Durante siglos, la frontera móvil que existió entre cristianos y musulmanes en la península ibérica, hasta la salida de estos últimos en 1492, estuvo poblada de personajes singulares, conformados en función del hecho fronterizo. Uno de estos personajes fue el Alfaqueque. Su existencia se remonta al siglo XIII, y su perfil inicial figura referido ya en los textos de Alfonso X como hombres de honor, conocedores de la lengua arábiga, cuya misión básica era rescatar a los cristianos esclavos de los musulmanes. Entre sus cualidades se exigían ser verídicos, desinteresados, instruidos y expertos con la lengua árabe, humanos y benévolos, valientes, así como tener algún patrimonio que garantizara su independencia y honradez. Este empleo era electivo en junta de doce hombres buenos. Los Alfaqueques, respetados por cristianos y musulmanes, tenían paso libre a un lado y otro de la frontera dado que su labor permitía mantener un mínimo de comunicación entre los dos bandos, incluso en las circunstancias más difíciles.
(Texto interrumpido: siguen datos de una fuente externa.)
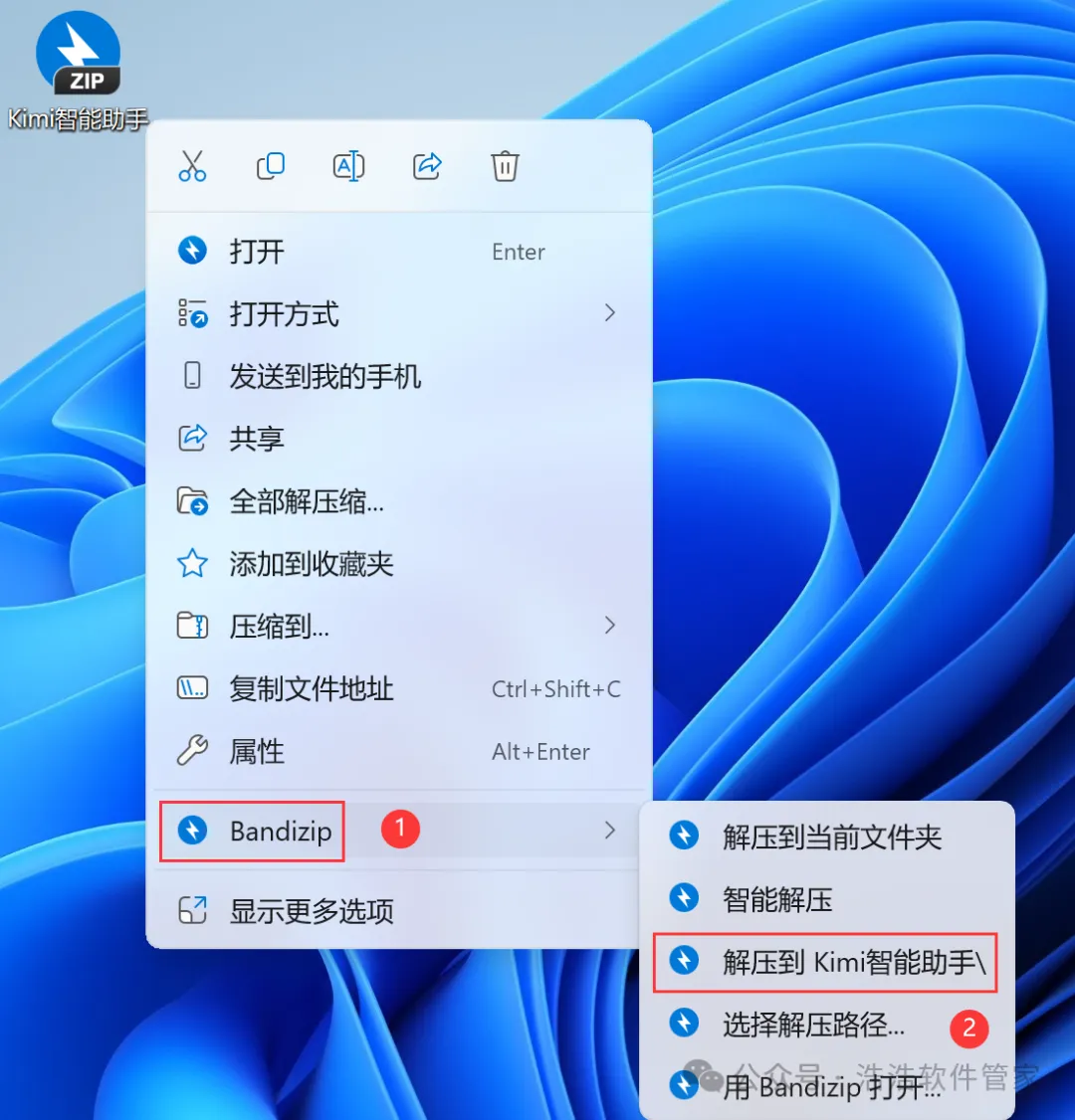 1、下载Kimi智能助手软件安装包到电脑上,右键选择【解压到Kimi智能助手\】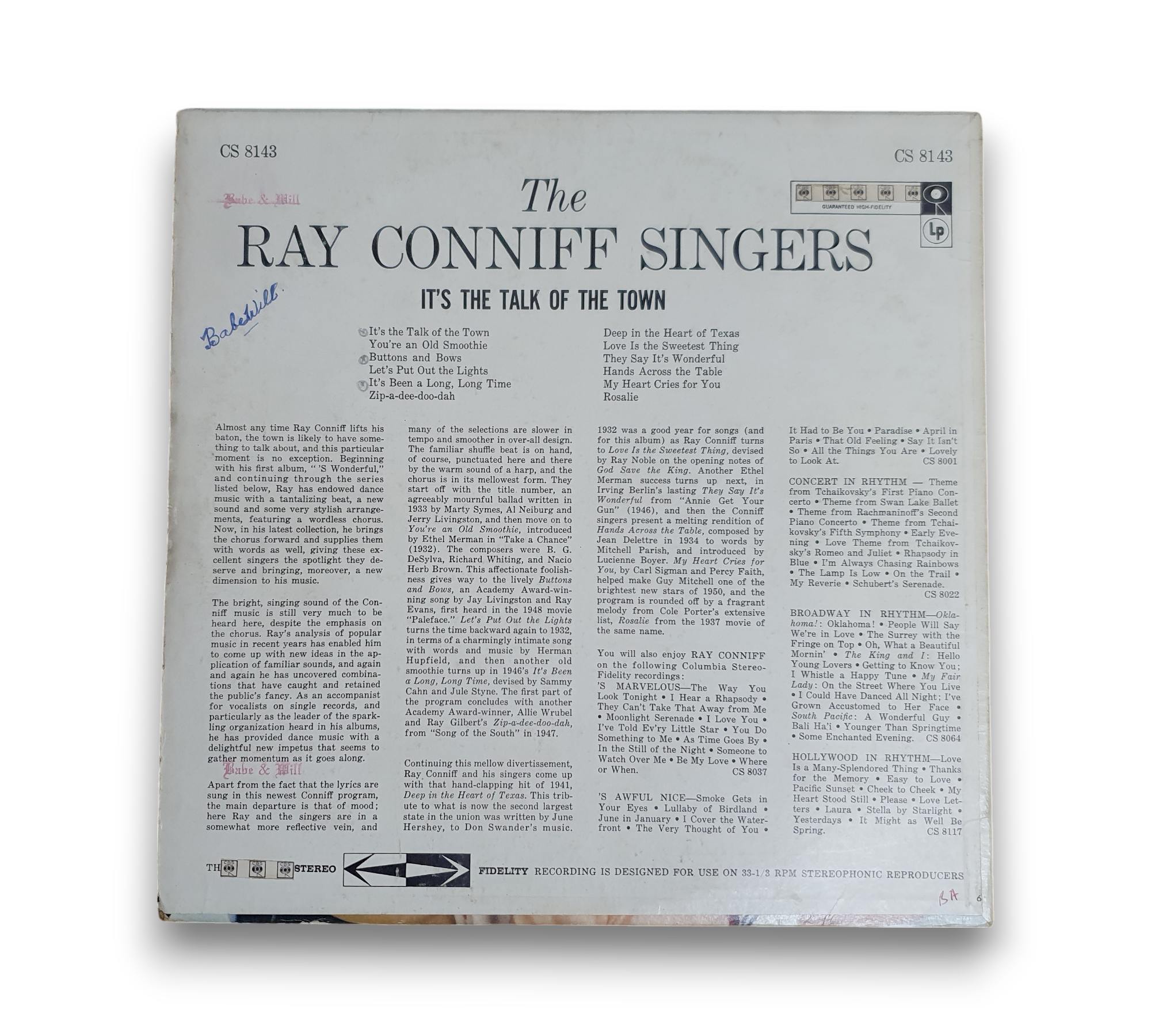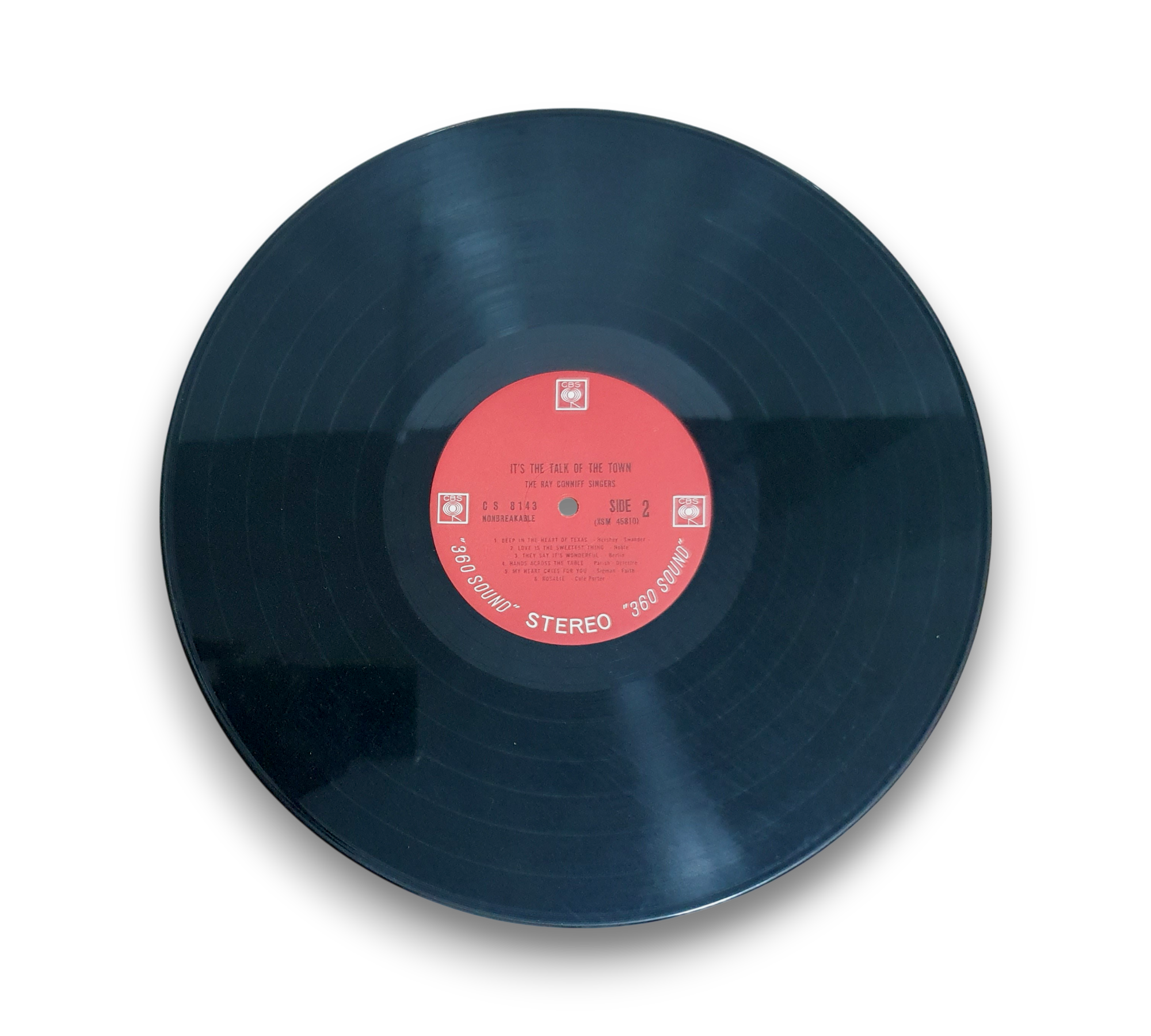 This listing features a red two-eye pressing of "It's the Talk of the Town" by The Ray Conniff Singers, showcasing the iconic black 360 sound label. The record is presented in a visually appealing cover, which complements the classic sound of the album. For further details regarding the condition and specifics of the packaging, please refer to the accompanying photos.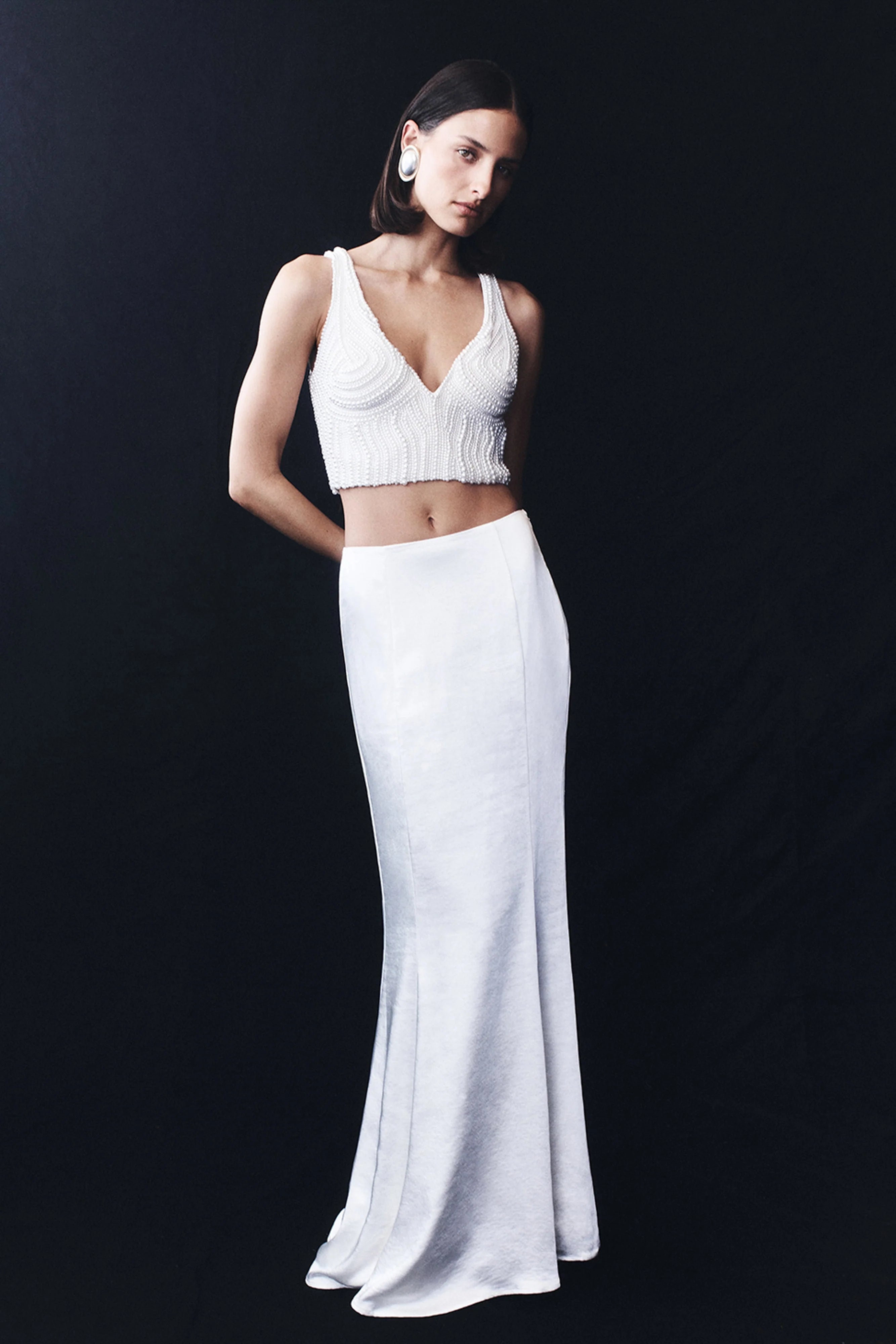 The KHLOE Satin Fishtail Maxi Skirt is the epitome of refined glamour. Designed with a flattering high-waisted fit, this silhouette-skimming piece flows seamlessly into a dramatic fishtail hem, creating elegant movement with every step. The luxe satin fabrication enhances its fluidity, while the maxi length adds a timeless touch. Unlined for a lightweight feel, the Khloe skirt pairs effortlessly with the for a look that’s equal parts sophisticated and statement-making—perfect for evening events, bridal celebrations, or any occasion that calls for effortless elegance.

Estos trujamanes solucionaban numerosos problemas que surgían en la peculiar convivencia que provocaba una frontera que, en la mayoría de los casos, no tenía respaldo físico. Fueron los representantes, en un sitio y época determinada, de una figura necesaria e imperecedera: el negociador discreto que permite el encuentro entre posiciones aparentemente irreconciliables. En los tiempos que corren la presencia de los Alfaqueques se hace especialmente necesaria.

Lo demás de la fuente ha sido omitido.